[[ Data extract, beginning ]]

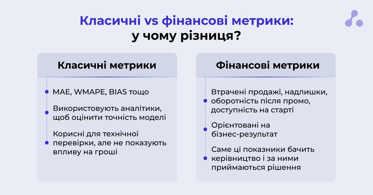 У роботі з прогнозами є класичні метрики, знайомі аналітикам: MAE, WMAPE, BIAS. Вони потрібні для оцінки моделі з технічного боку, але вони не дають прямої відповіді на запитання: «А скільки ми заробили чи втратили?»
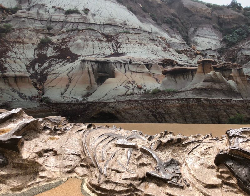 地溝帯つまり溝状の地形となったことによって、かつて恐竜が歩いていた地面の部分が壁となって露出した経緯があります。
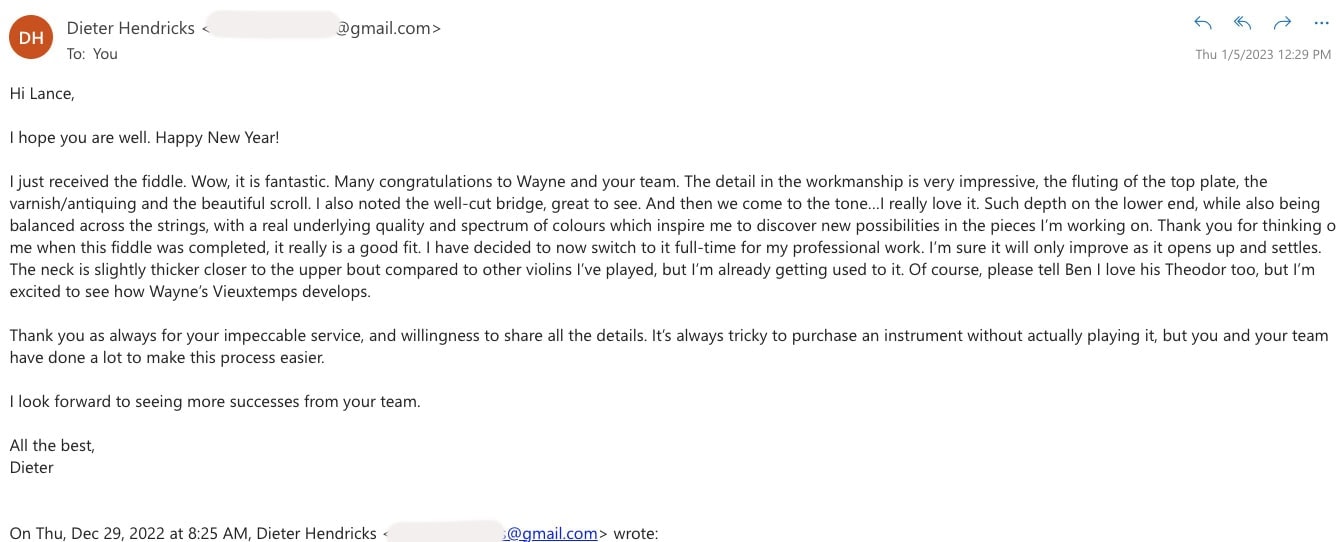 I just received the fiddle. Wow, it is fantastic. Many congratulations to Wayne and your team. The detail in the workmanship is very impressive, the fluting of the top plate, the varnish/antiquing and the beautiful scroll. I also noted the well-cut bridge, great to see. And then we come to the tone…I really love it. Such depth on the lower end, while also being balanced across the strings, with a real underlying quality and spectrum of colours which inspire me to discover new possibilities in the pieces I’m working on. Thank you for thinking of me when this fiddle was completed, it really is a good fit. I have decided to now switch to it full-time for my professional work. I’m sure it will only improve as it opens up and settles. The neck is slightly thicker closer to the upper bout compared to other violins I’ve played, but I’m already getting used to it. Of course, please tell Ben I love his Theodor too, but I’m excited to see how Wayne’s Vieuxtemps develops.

[[ Data extract, end ]]

[Problem requirements]:
When you copy the data above, reproduce each line exactly and skip every image.

[Task response]:
 У роботі з прогнозами є класичні метрики, знайомі аналітикам: MAE, WMAPE, BIAS. Вони потрібні для оцінки моделі з технічного боку, але вони не дають прямої відповіді на запитання: «А скільки ми заробили чи втратили?»
 地溝帯つまり溝状の地形となったことによって、かつて恐竜が歩いていた地面の部分が壁となって露出した経緯があります。
 I just received the fiddle. Wow, it is fantastic. Many congratulations to Wayne and your team. The detail in the workmanship is very impressive, the fluting of the top plate, the varnish/antiquing and the beautiful scroll. I also noted the well-cut bridge, great to see. And then we come to the tone…I really love it. Such depth on the lower end, while also being balanced across the strings, with a real underlying quality and spectrum of colours which inspire me to discover new possibilities in the pieces I’m working on. Thank you for thinking of me when this fiddle was completed, it really is a good fit. I have decided to now switch to it full-time for my professional work. I’m sure it will only improve as it opens up and settles. The neck is slightly thicker closer to the upper bout compared to other violins I’ve played, but I’m already getting used to it. Of course, please tell Ben I love his Theodor too, but I’m excited to see how Wayne’s Vieuxtemps develops.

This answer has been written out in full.